Your assignment: Return the data exactly, without pictures.

Recorded information:
+---+
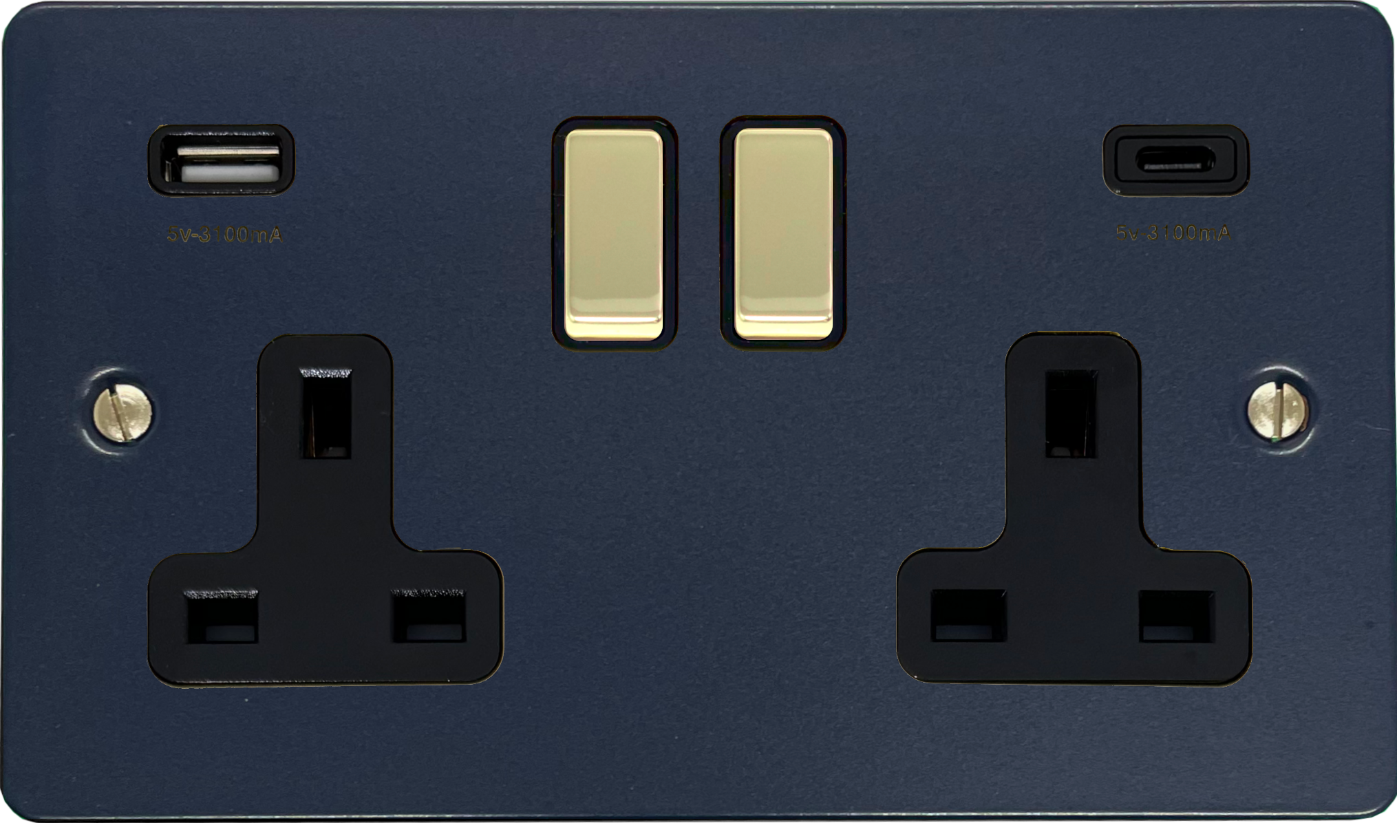 Flat Blue Double Socket with USB (USB-A and USB-C/Polished Brass Switches) FL.3911PB.RB
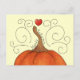 A cute cartoon pumpkin and red heart with a kaleidoscopic texture and swirls on a post card.
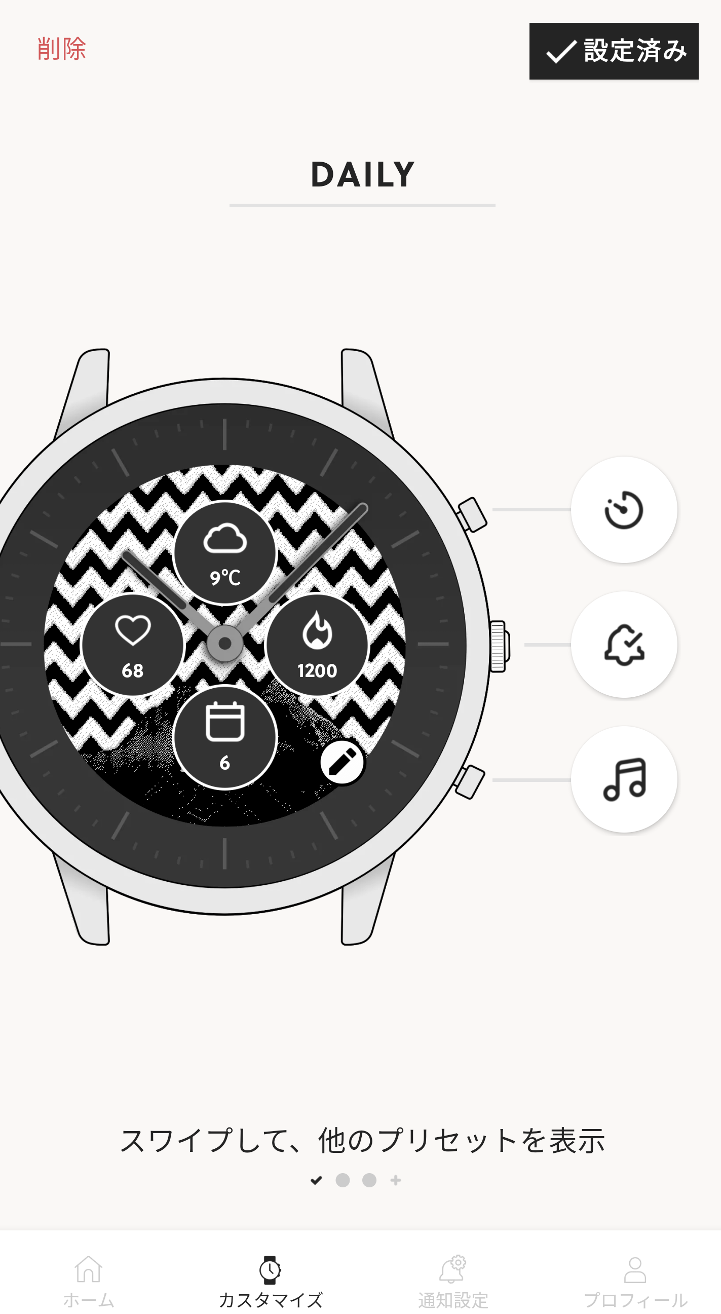 盤面のデザインは専用アプリから変えられる 。この専用アプリ上で歩数、心拍数、睡眠時間、電池の残量など、各種情報が閲覧できて使い勝手もよい。
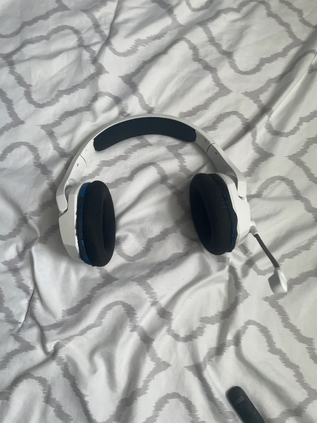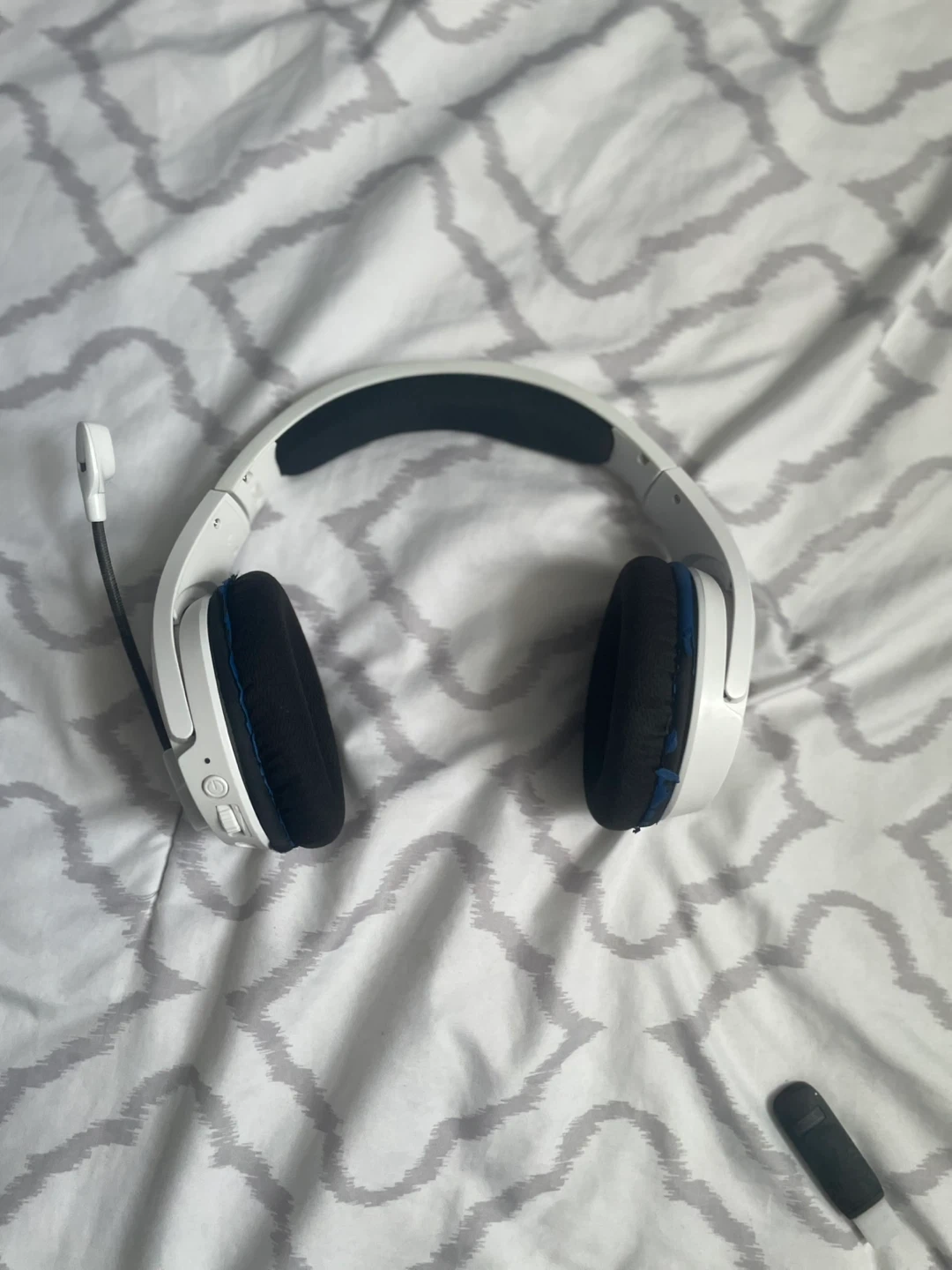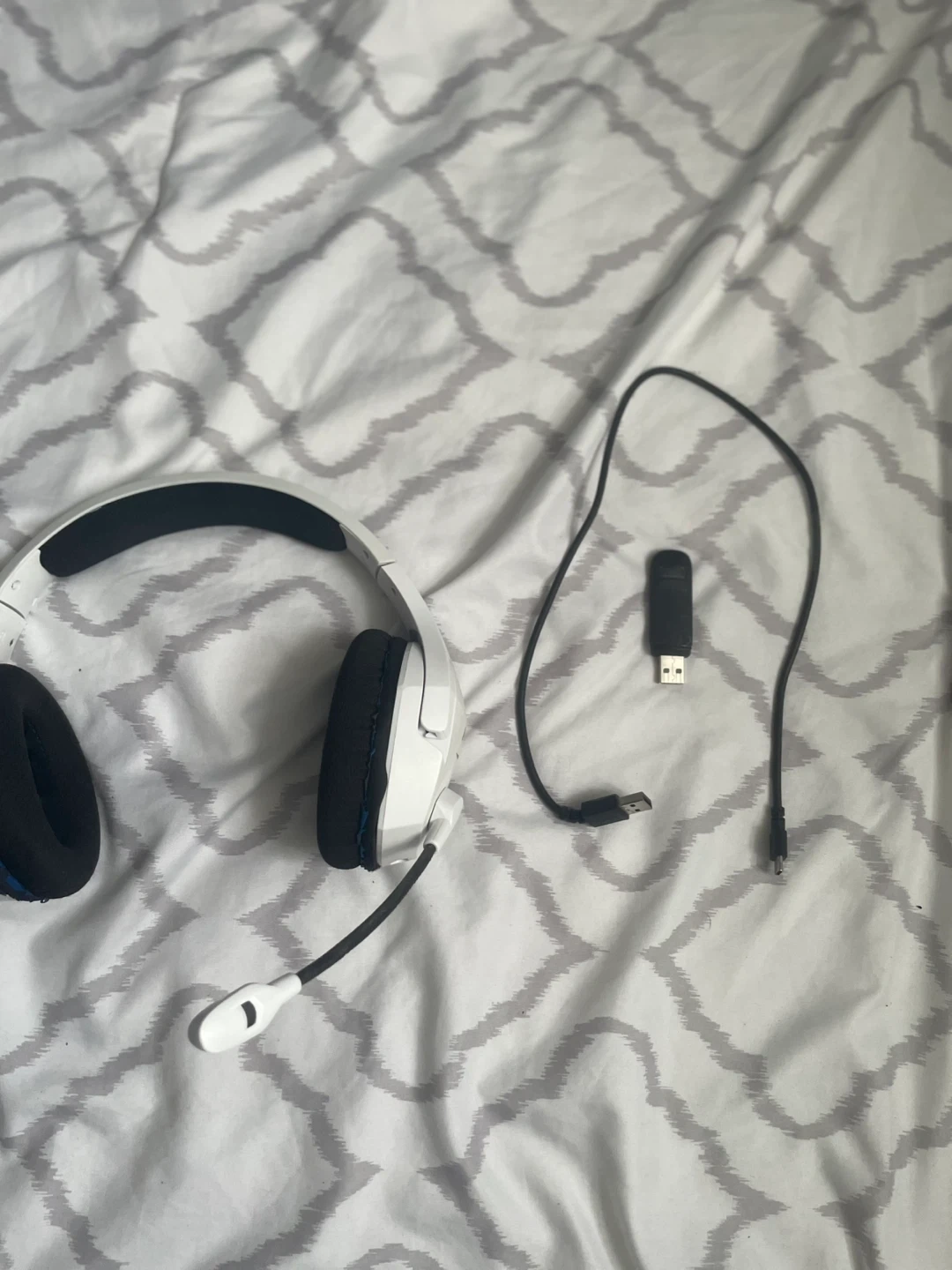 Selling a gaming headset in white! It comes with a microphone and a USB dongle. Perfect for gaming or online meetings
+---+
Answer section:
 Flat Blue Double Socket with USB (USB-A and USB-C/Polished Brass Switches) FL.3911PB.RB
 A cute cartoon pumpkin and red heart with a kaleidoscopic texture and swirls on a post card.
 盤面のデザインは専用アプリから変えられる 。この専用アプリ上で歩数、心拍数、睡眠時間、電池の残量など、各種情報が閲覧できて使い勝手もよい。
 Selling a gaming headset in white! It comes with a microphone and a USB dongle. Perfect for gaming or online meetings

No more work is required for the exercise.